L'Allemagne, bien qu'ayant perdu toutes ses colonies après la Première Guerre mondiale fut
un acteur influent dans le processus de décolonisation. En participant à la surenchère
internationale que ces pays durent subir pendant la Seconde Guerre mondiale. Le régime nazi
tenta grâce à la radio de saper le moral et de créer des révoltes dans les colonies. Elle tenta de
se rapprocher des pays dominés par les alliés afin d'en obtenir des matières premières, et se
présenta de cette manière comme une amie des colonisés. En réalité Hitler dans Mein Kampf
avait clairement exprimé son mépris pour les colonisés arabes et indiens. Néanmoins la
propagande nazie participa au processus de décolonisation, car en proposant plus que les
métropoles, l'Allemagne encouragea les revendications à l'encontre des colonisateurs. Le
Japon fit de même dans le sud-est asiatique en soutenant les autonomistes locaux. Mais ces
derniers, après avoir accueilli favorablement les Nippons constatèrent rapidement le mépris
dans lequel ceux-ci tenaient les autres asiatiques.
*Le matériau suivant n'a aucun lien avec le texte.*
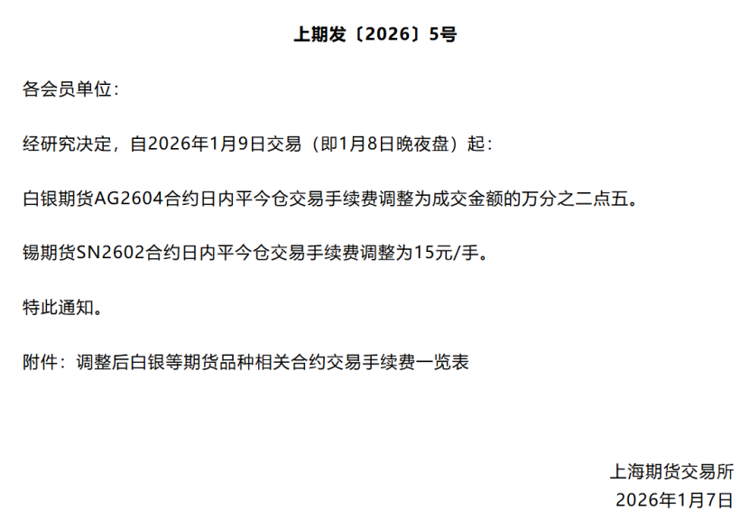 四是调整白银、锡品种交易手续费。同时,上期所还宣布,同样从今天夜盘开始,白银期货AG2604合约日内平今仓交易手续费调整为成交金额的万分之二点五;锡期货SN2602合约日内平今仓交易手续费调整为15元/手。
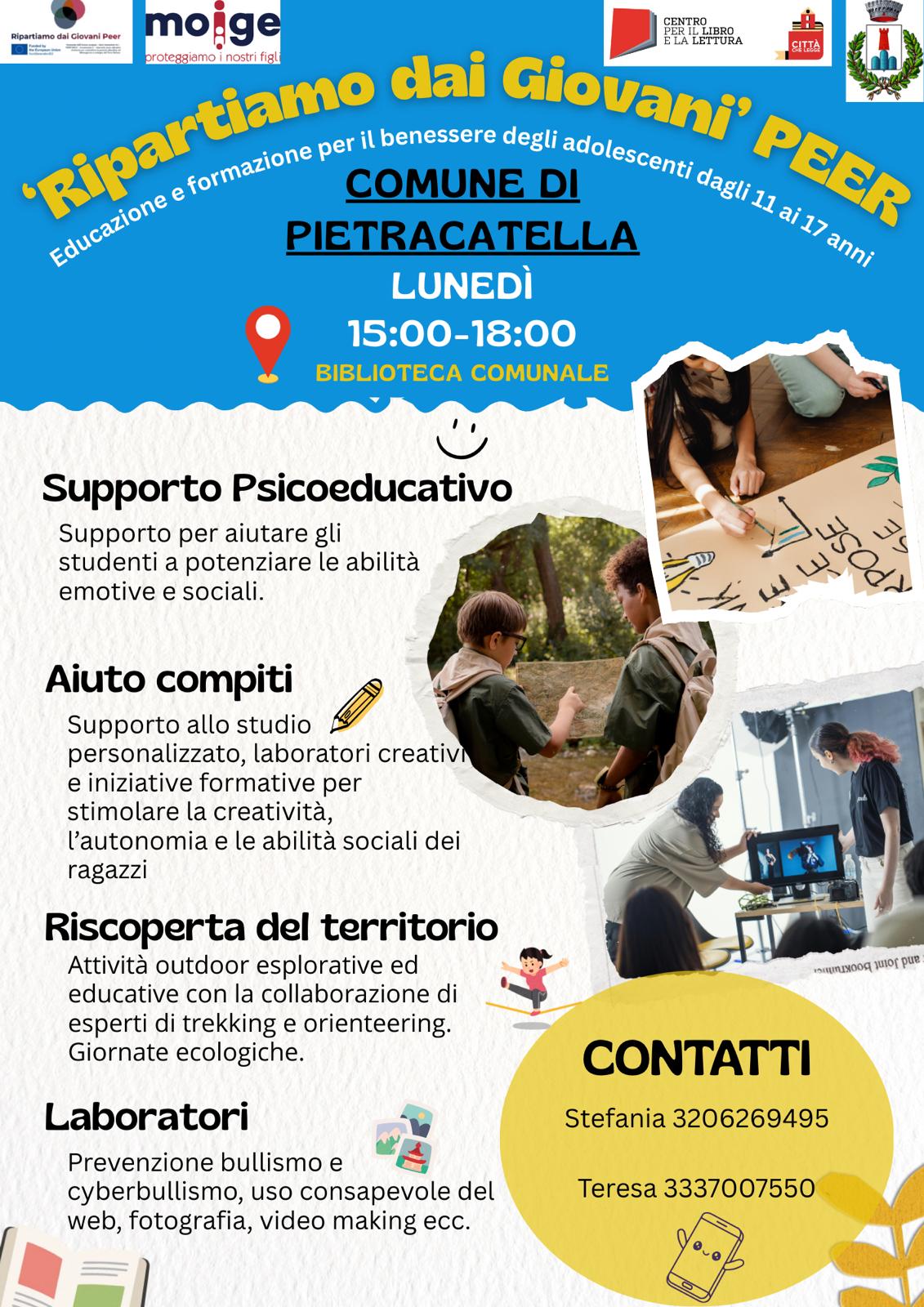 Promuovere il benessere degli adolescenti, prevenire il disagio giovanile e rafforzare competenze emotive, relazionali e sociali: sono questi gli obiettivi del progetto “Ripartiamo dai giovani peer”, che prenderà il via sul territorio di Pietracatella e dell’Ambito Territoriale Sociale di Riccia/Bojano da gennaio a luglio 2026.

Néanmoins par la constitution de
gouvernements fantoches contre les Hollandais (aux Indes néerlandaises), contre les États-
Unis (aux Philippines), contre le Royaume-Uni (en Malaisie et Birmanie) et contre la France
(au Viêt-Nam, au Cambodge, et au Laos), ils démontrèrent aux indigènes que les occidentaux
avaient cessé d'être invincibles.
Avec la conférence de Bakou, en 1920 déjà, les Soviétiques s'intéressèrent activement aux
problèmes de la décolonisation : ils assimilaient les colonisés au prolétariat, ceux-ci étaient
donc à libérer. Leur propagande portait, parce qu'ils apparaissaient comme sincères : après
tout, ils avaient eux-mêmes donné l'exemple en effectuant apparament leur propre
décolonisation par la voie de l'autonomie interne, alors que d'autres pays colonisateurs comme
la France en étaient bien loin. Leur appui à la décolonisation ne fut cependant pas illimité
après la mort de Lénine. En effet, deux thèses s'opposèrent alors, celle de Staline, pour une
consolidation de l'État soviétique, et celle de Trotsky pour une priorité à l'internationalisme.
C'est Staline qui l'avait emporté, et avait dès lors concentré ses efforts sur l'Europe.
Ce fut surtout après la mort de Staline (5 mars 1953) que l'URSS commença à soutenir les
indépendances, avec la guerre froide. L'URSS s'opposa alors dans les pays du tiers monde à
l'action des Américains. Il y eut une surenchère incessante entre ces deux pays pour obtenir le
plus large contrôle, et la plus grande influence possible dans ces pays.